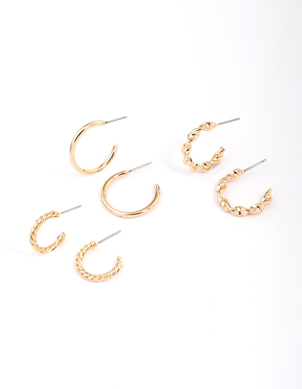 Gold Twisted & Polished Hoop Earring 3-Pack
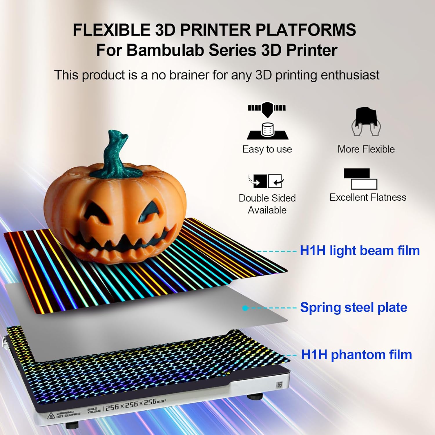 IdeaFormer Light Beam+Phantom H1H Spring Steel Build Plate, 257×257mm for Bambu Lab X1 X1C X1E P1P P1S A1
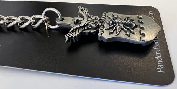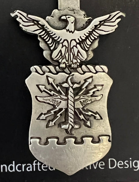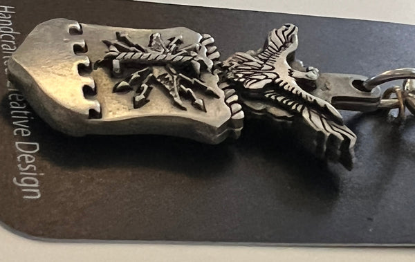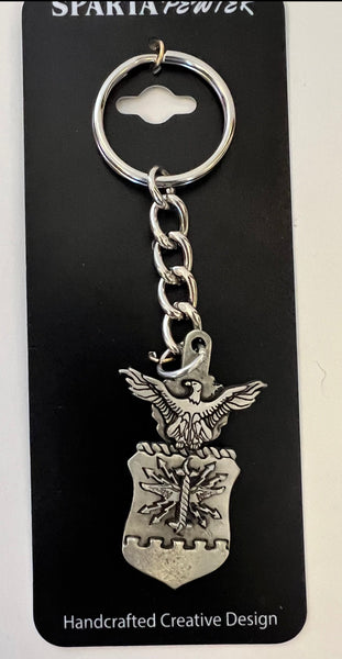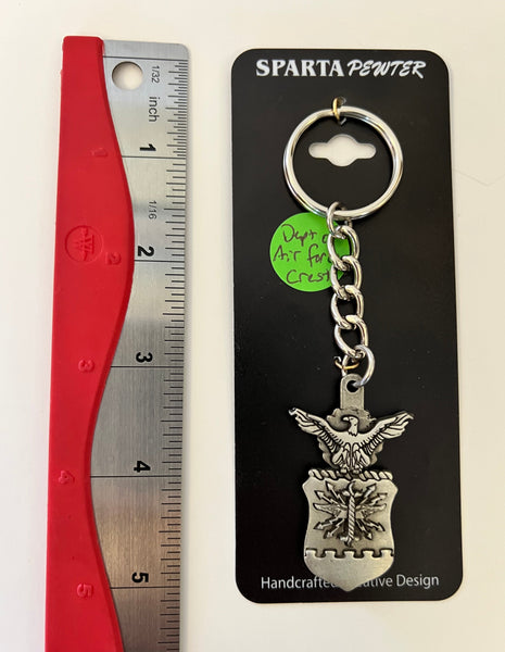 Llavero de peltre con escudo de dos caras de aproximadamente 5" de largo con el escudo del Departamento de la Fuerza Aérea. Detalle clásico de peltre de la aeronave. Anilla tradicional para llavero para sujetar de forma segura a cualquier llave, cartera, bolso, etc.
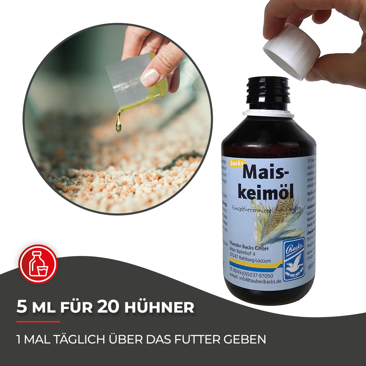 Backs Maiskeimöl wird einfach unter das tägliche Futter gemischt. Für eine optimale Wirkung, besonders während der Legeperiode oder in stressigen Zeiten, empfehlen wir die Kombination mit einem hochenergetischen Zusatz wie Backs Extra Energie. Dies unterstützt nicht nur die Vitalität, sondern fördert auch die allgemeine Gesundheit der Hühner.

----

> [Task] From the line that holds "Llavero de peltre" to the last line of the data, return those lines exactly and nothing else; both ends count, and pictures stay out.

> [Task answer]
 Llavero de peltre con escudo de dos caras de aproximadamente 5" de largo con el escudo del Departamento de la Fuerza Aérea. Detalle clásico de peltre de la aeronave. Anilla tradicional para llavero para sujetar de forma segura a cualquier llave, cartera, bolso, etc.
 Backs Maiskeimöl wird einfach unter das tägliche Futter gemischt. Für eine optimale Wirkung, besonders während der Legeperiode oder in stressigen Zeiten, empfehlen wir die Kombination mit einem hochenergetischen Zusatz wie Backs Extra Energie. Dies unterstützt nicht nur die Vitalität, sondern fördert auch die allgemeine Gesundheit der Hühner.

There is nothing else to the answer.